EXERCISE DATA |
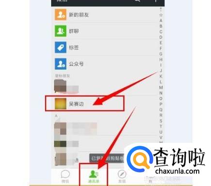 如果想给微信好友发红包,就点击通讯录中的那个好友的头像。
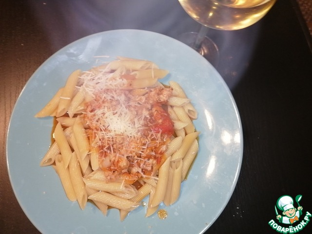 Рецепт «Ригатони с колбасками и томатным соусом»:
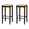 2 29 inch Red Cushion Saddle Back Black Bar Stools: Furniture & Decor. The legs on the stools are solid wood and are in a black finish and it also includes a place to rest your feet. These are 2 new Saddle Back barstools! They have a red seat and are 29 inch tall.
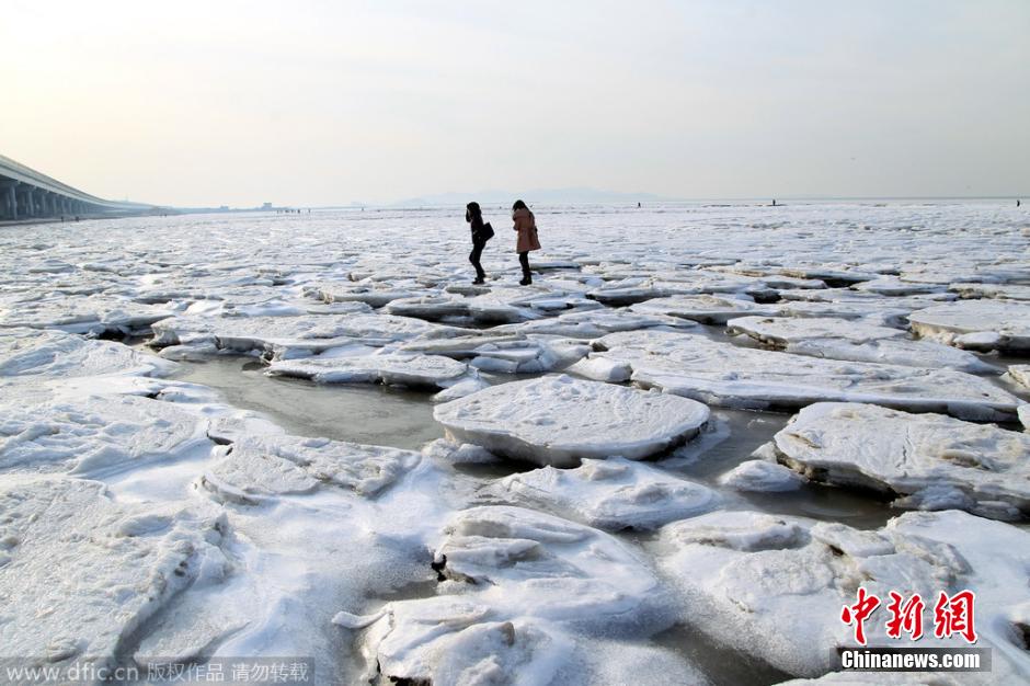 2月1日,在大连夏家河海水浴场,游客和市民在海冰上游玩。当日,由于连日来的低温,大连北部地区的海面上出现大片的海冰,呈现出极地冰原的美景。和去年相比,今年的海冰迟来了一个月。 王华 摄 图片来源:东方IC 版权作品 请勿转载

DESCRIPTION OF THE TASK |
To complete the exercise, return the listing above exactly and omit its pictures.

ANSWER BELOW |
 如果想给微信好友发红包,就点击通讯录中的那个好友的头像。
 Рецепт «Ригатони с колбасками и томатным соусом»:
 2 29 inch Red Cushion Saddle Back Black Bar Stools: Furniture & Decor. The legs on the stools are solid wood and are in a black finish and it also includes a place to rest your feet. These are 2 new Saddle Back barstools! They have a red seat and are 29 inch tall.
 2月1日,在大连夏家河海水浴场,游客和市民在海冰上游玩。当日,由于连日来的低温,大连北部地区的海面上出现大片的海冰,呈现出极地冰原的美景。和去年相比,今年的海冰迟来了一个月。 王华 摄 图片来源:东方IC 版权作品 请勿转载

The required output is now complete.